In recent years, with the scaling of the silicon technology for transistors into the sub-micron region, aging has been recognized as a significant phenomenon. Transistor aging under mechanisms e.g. Negative-Bias-Temperature-Instability (NBTI), Hot-Carrier Injection (HCI) and Time-Dependent Dielectric Breakdown (TDDB) will result in the deterioration of circuit performance over its lifetime.

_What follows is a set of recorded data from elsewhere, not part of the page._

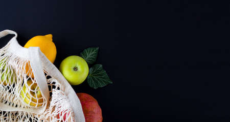 White string bag with fruits on black background. Zero waste shopping concept. Eco friendly lifestyle.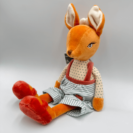 W tej wersji Happy Harald nosi intensywnie czerwone buciki oraz stylowe niebieskie spodnie, które harmonijnie kontrastują z jego futerkiem. Przy wysokości 30 cm jest idealny do tulenia, zabawy i dekoracji dziecięcego pokoju. Happy Harald to wyjątkowy towarzysz, który rozweseli każdy dzień i stanie się niezastąpionym przyjacielem każdego dziecka.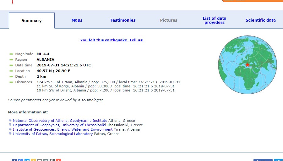 Një tërmet i fortë është ndier në jug- lindje të Shqipërisë. Lëkundjet u ndjenë të forta në Korçë dhe arrijnë një shkallë prej 4.4 ballësh të shkallës Rihter, çka konsiderohet një tërmet mjaft i fortë.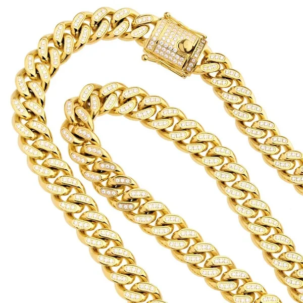 Iced Out Bling Stainless Steel Miami Cuban Chain - 14mm gold

In previous research we proposed techniques in terms of health monitoring of a target processor for parameters such as e.g. the critical path delay [1], quiescent power-supply current ( $I_{DDQ}$ ) [2] and transient power-supply current ( $I_{DDT}$ ) [3]. These testing techniques have demonstrated their effectiveness in assessing aging causing reliability degradation. This work aims to develop methods that use this health information to predict the remaining lifetime of the processor. The genetic algorithm (GA) [4] is employed for the prediction purpose. The GA is used for general optimization problems with a multimodal target; this paper will model the functional form of the aging degradation based on the GA method, then making a lifetime prediction of our target processor.

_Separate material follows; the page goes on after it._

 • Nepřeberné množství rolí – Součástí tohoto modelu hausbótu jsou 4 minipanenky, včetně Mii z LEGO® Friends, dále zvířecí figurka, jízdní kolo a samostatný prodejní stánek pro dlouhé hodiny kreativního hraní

The remainder of this paper is organized as follows: Section II discusses our implemented reliability testing system. Section III presents the measurement results and basic analysis. Section IV illustrates the GA-based method to accomplish the lifetime prediction from the delay and  $I_{DDX}$  test results. Finally, conclusions are provided.

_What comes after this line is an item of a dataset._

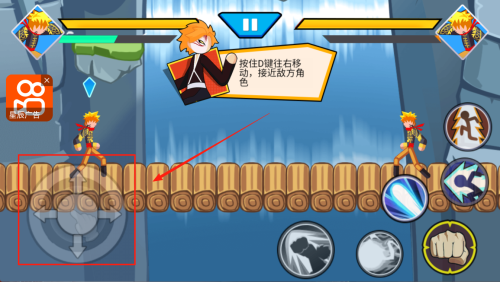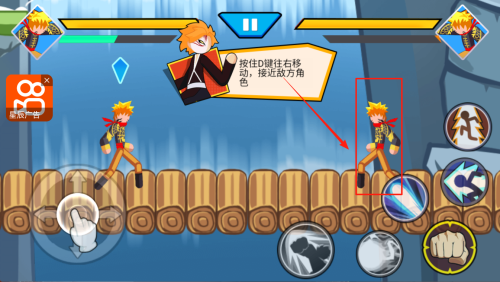 1、移动角色:按住D键向右移动,接近敌方角色。

### II. IMPLEMENTED RELIABILITY TESTING SYSTEM

#### A. The Xentium processor

The reliability tests are carried out using the Xentium<sup>®</sup> processor as a vehicle, which is an UMC 90nm CMOS technology Very Large Instruction Word (VLIW) DSP processor [5]. It has been designed for high-performance computing in automotive as well as space applications, e.g. beam forming and a global navigation satellite system [6].

1) Architecture

The basic architecture of the Xentium core includes a datapath, a decoder/loop buffer part, an instruction cache, a control part, tightly coupled memories and interfaces. The datapath comprises of ten execution units and five register banks. Each execution unit is responsible for a certain class of instructions [5]. The Xentium can communicate to the peripherals via the Network Interface that directly links to the Xentium data/instruction ports.

2) Test program design

The critical path delay time (directly related to the clock frequency),  $I_{DDQ}$  and  $I_{DDT}$  testing are designed for monitoring the crucial part of the Xentium processor, the datapath, which is the most frequently used part during data processing. These testing methods can be used for the aging degradation detection of the Xentium processor [2].

a) Critical path delay testing program design

The basic idea of measuring the critical path delay is to measure the maximum clock frequency where the Xentium still operates correctly during the execution of all designed functional tests, at the lowest available clock frequency (4 MHz). Under this condition, it will be verified whether the Xentium still operates correctly at the typical  $V_{DD}$  supply-voltage level.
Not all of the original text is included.